Task - Locate "每课都配有图文并茂的正面管教" in the listing. Transcribe the line that contains it and every line that follows, through the last, omitting all pictures.

# # # #

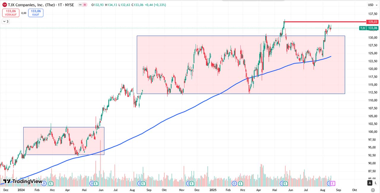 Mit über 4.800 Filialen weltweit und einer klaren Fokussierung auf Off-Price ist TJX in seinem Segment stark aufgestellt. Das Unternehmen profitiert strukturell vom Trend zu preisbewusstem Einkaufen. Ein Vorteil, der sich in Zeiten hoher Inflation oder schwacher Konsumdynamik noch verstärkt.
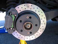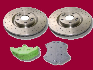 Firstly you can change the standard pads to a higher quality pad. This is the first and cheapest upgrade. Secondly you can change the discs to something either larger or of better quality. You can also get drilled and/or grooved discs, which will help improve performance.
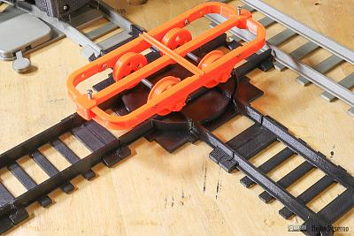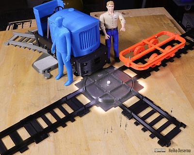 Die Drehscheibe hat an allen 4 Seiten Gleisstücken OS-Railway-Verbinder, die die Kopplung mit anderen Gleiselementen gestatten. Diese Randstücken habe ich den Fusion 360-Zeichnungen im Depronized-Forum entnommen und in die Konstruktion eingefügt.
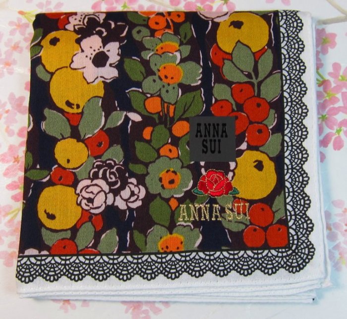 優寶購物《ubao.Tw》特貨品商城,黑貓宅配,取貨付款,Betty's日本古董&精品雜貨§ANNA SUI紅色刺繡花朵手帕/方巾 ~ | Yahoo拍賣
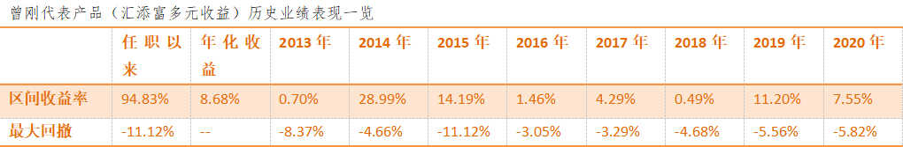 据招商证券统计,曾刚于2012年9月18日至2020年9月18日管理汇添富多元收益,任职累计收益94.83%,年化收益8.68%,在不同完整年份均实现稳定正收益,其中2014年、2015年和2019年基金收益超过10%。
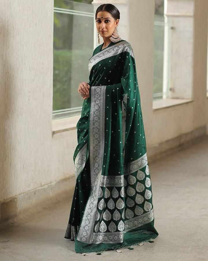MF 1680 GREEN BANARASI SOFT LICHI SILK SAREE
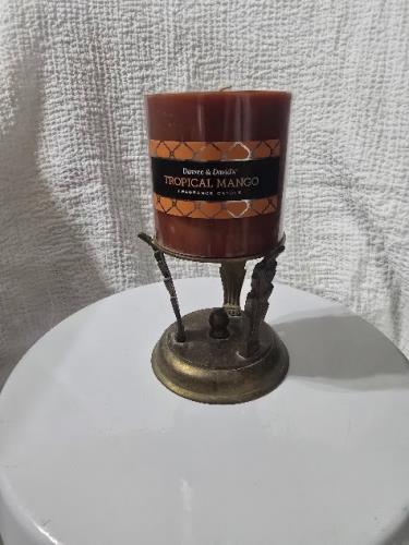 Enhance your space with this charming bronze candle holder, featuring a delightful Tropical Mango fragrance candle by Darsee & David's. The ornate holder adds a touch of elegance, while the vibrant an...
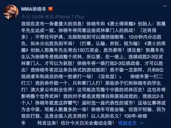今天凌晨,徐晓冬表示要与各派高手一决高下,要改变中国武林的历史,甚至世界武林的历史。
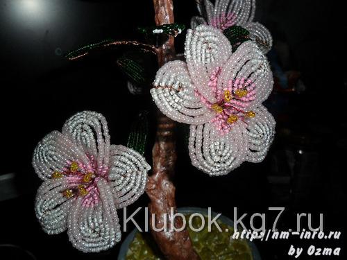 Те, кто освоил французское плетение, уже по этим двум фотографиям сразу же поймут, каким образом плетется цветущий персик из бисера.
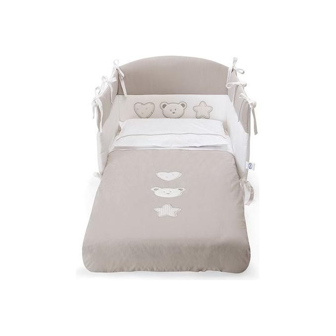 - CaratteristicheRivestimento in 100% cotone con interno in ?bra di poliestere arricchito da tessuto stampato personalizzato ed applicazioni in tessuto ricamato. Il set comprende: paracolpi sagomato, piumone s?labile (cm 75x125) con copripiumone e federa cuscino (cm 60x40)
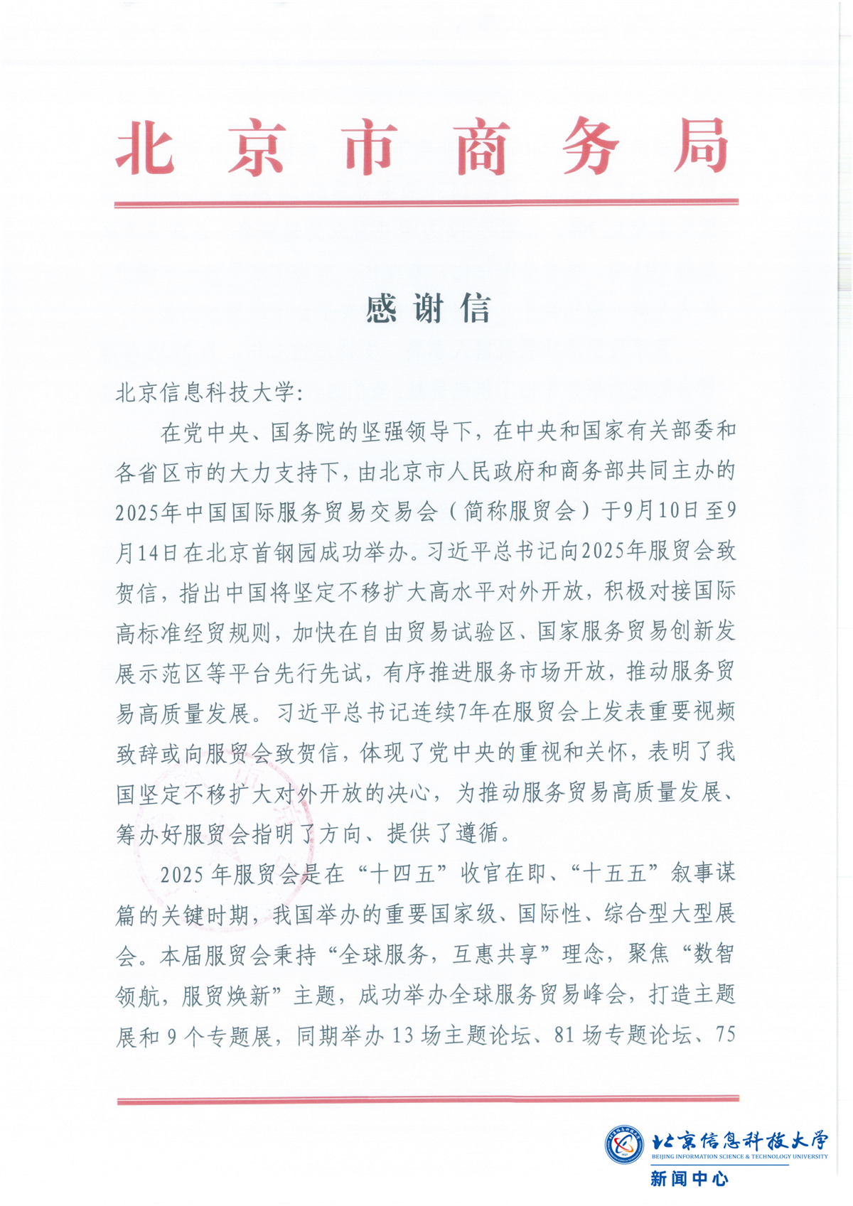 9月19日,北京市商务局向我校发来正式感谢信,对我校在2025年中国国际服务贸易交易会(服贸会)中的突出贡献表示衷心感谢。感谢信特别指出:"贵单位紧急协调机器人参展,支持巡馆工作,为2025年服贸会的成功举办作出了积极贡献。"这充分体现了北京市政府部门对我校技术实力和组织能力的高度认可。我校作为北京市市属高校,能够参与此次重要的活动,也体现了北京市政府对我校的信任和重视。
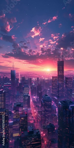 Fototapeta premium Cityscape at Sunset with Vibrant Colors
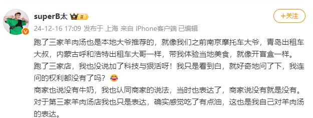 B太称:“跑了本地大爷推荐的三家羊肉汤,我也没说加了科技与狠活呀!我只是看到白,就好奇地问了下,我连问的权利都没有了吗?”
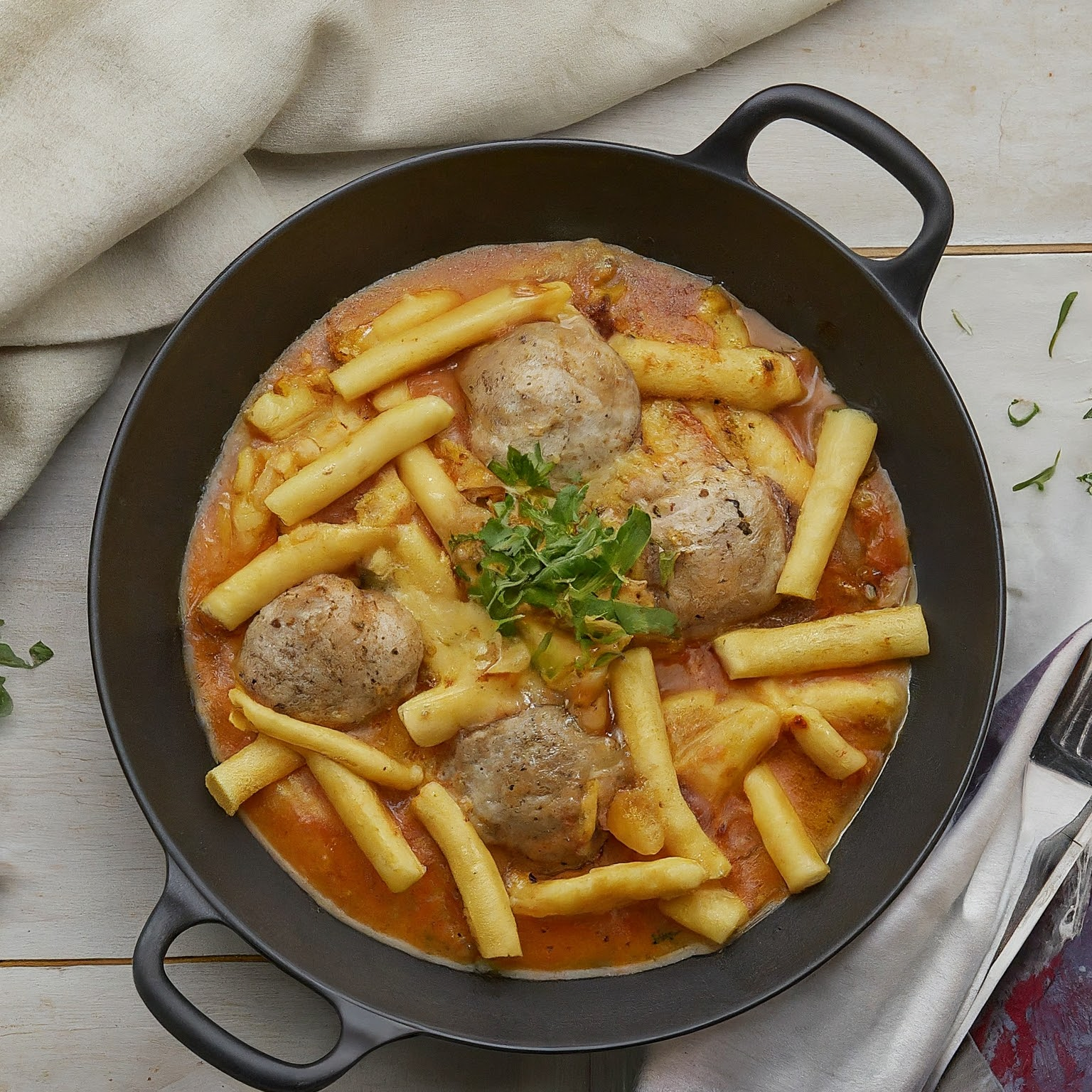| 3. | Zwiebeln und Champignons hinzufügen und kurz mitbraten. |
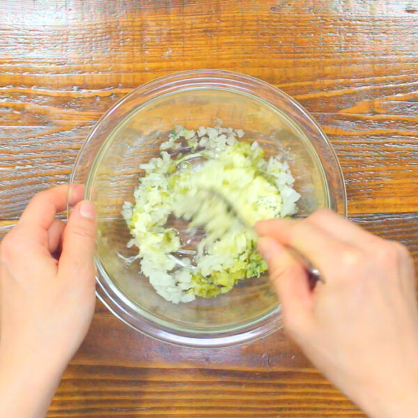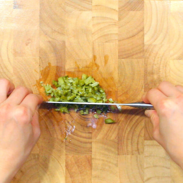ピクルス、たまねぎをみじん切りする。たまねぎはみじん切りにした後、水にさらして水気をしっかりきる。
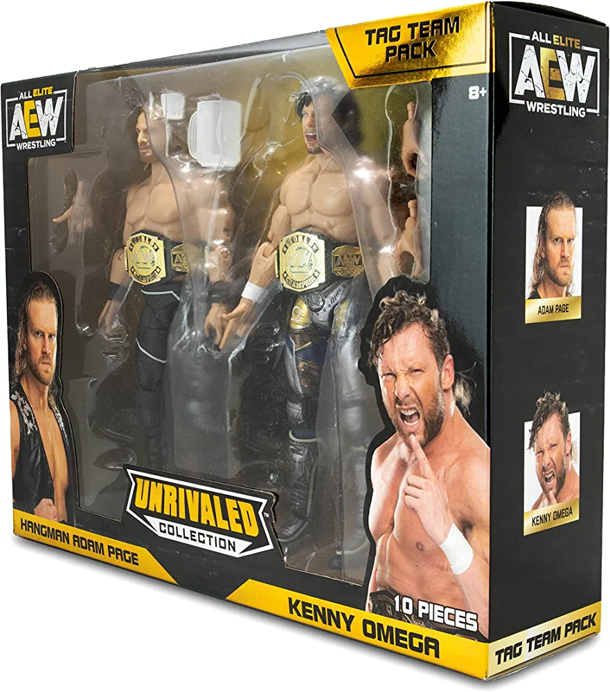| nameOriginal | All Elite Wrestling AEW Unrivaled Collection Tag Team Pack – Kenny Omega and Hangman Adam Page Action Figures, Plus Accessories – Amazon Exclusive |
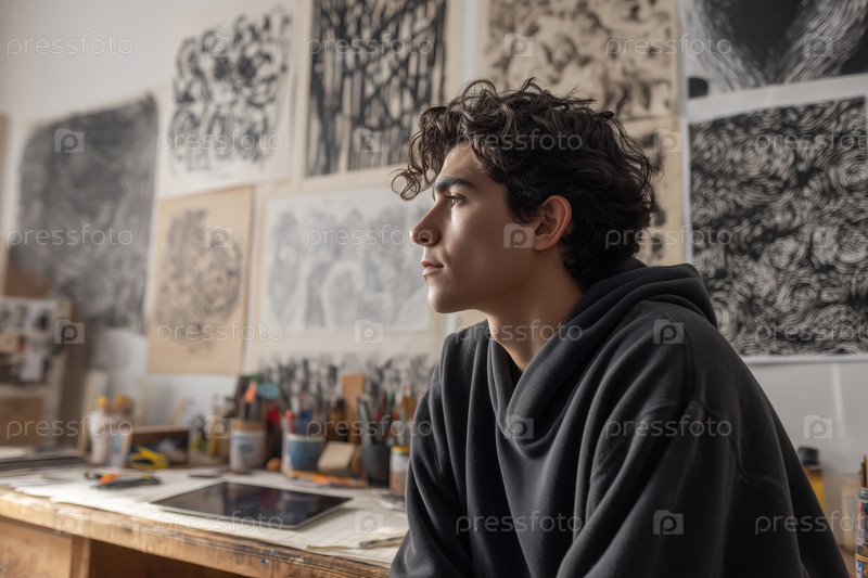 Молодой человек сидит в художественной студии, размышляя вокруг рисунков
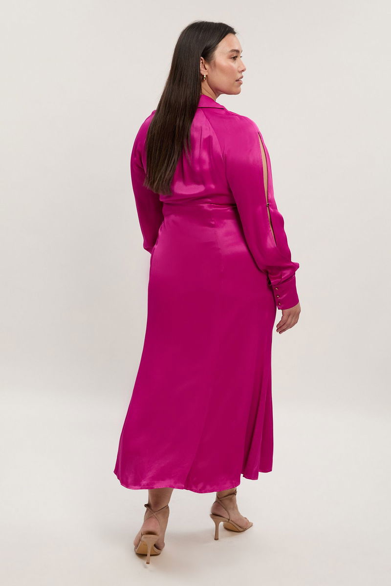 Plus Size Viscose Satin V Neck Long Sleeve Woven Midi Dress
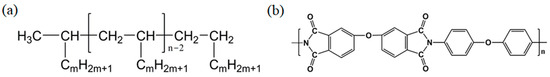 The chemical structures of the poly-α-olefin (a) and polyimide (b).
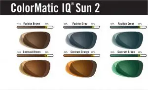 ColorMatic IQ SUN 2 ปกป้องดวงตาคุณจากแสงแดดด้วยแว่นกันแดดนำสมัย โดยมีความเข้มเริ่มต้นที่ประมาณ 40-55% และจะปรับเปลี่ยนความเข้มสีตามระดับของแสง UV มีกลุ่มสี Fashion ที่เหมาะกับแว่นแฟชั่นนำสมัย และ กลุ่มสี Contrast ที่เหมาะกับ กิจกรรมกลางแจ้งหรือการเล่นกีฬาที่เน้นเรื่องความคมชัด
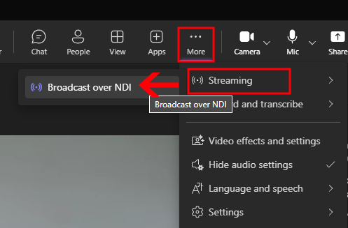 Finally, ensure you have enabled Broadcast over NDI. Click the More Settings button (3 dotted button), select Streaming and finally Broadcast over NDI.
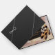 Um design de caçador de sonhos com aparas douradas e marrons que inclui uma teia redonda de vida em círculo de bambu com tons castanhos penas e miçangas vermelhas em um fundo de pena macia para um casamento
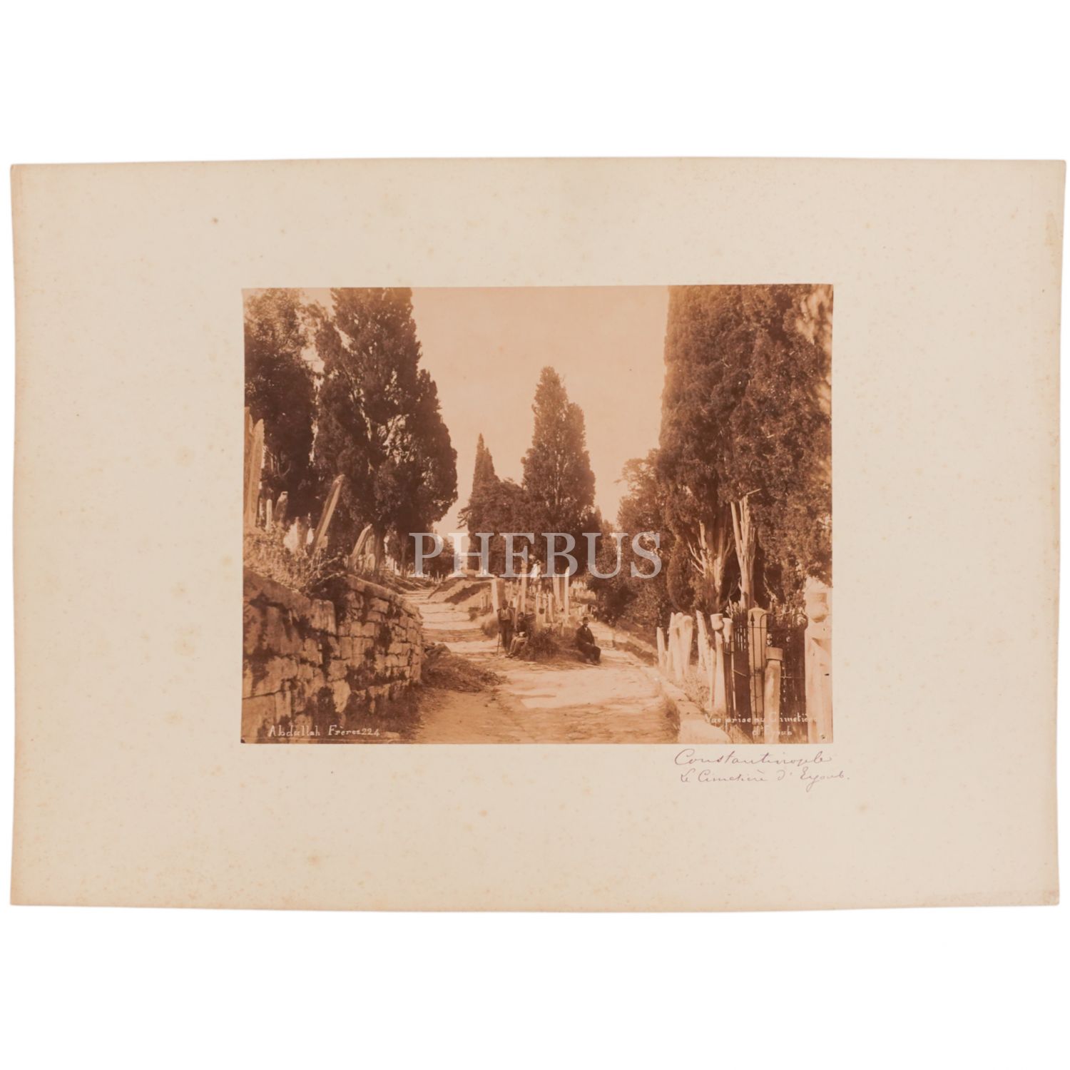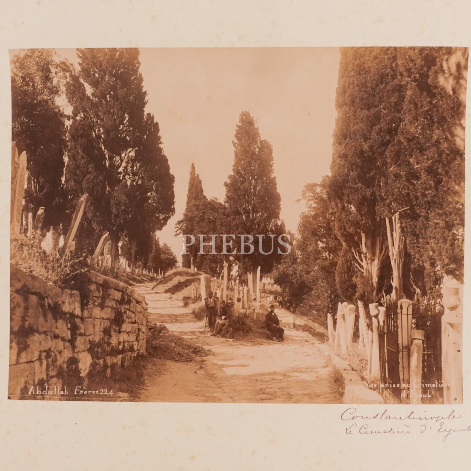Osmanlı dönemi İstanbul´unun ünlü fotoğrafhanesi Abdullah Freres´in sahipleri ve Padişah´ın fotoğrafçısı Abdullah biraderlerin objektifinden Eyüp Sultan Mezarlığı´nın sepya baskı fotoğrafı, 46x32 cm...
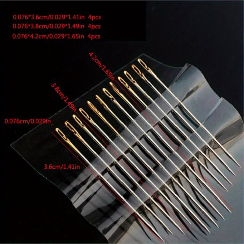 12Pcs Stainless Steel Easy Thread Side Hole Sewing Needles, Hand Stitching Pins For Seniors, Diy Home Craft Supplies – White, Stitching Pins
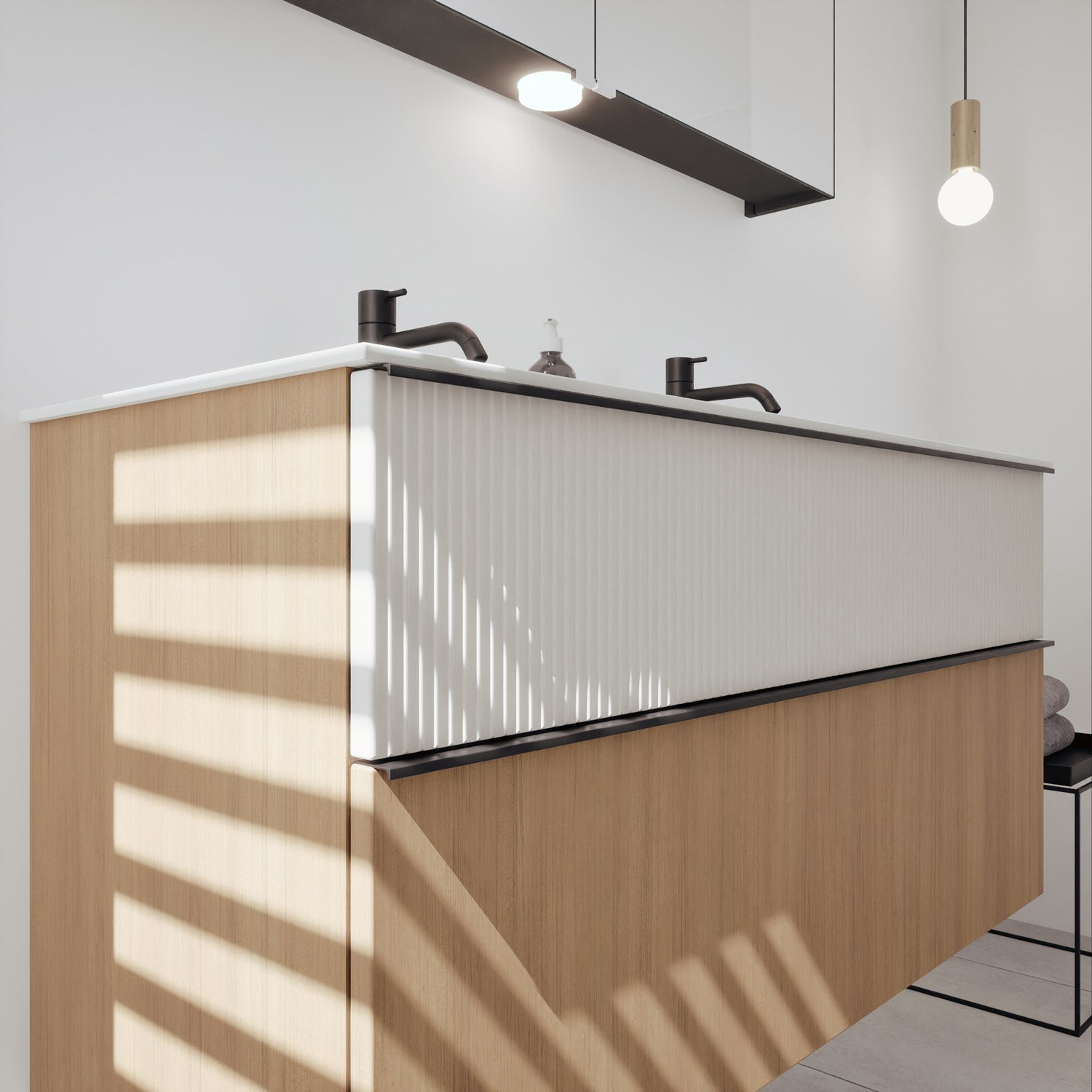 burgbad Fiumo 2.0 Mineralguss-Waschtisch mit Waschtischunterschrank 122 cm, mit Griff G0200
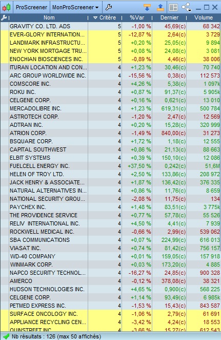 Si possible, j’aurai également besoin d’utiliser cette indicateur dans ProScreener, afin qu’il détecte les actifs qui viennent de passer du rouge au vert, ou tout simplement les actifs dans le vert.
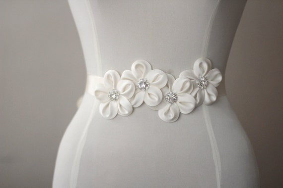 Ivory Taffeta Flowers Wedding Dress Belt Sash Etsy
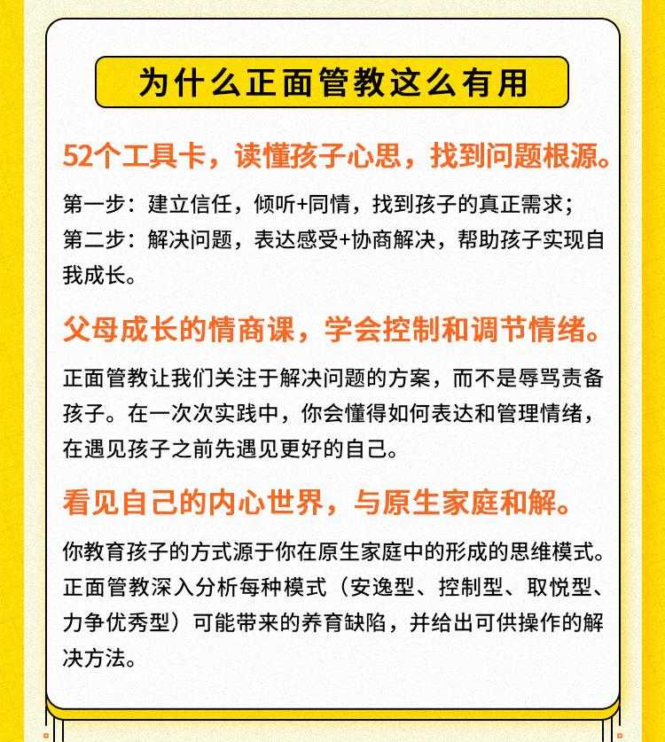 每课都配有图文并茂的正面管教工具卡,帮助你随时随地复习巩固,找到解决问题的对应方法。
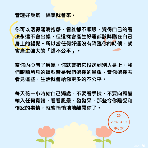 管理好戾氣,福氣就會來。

# # # #

Solution to this problem -
 每课都配有图文并茂的正面管教工具卡,帮助你随时随地复习巩固,找到解决问题的对应方法。
 管理好戾氣,福氣就會來。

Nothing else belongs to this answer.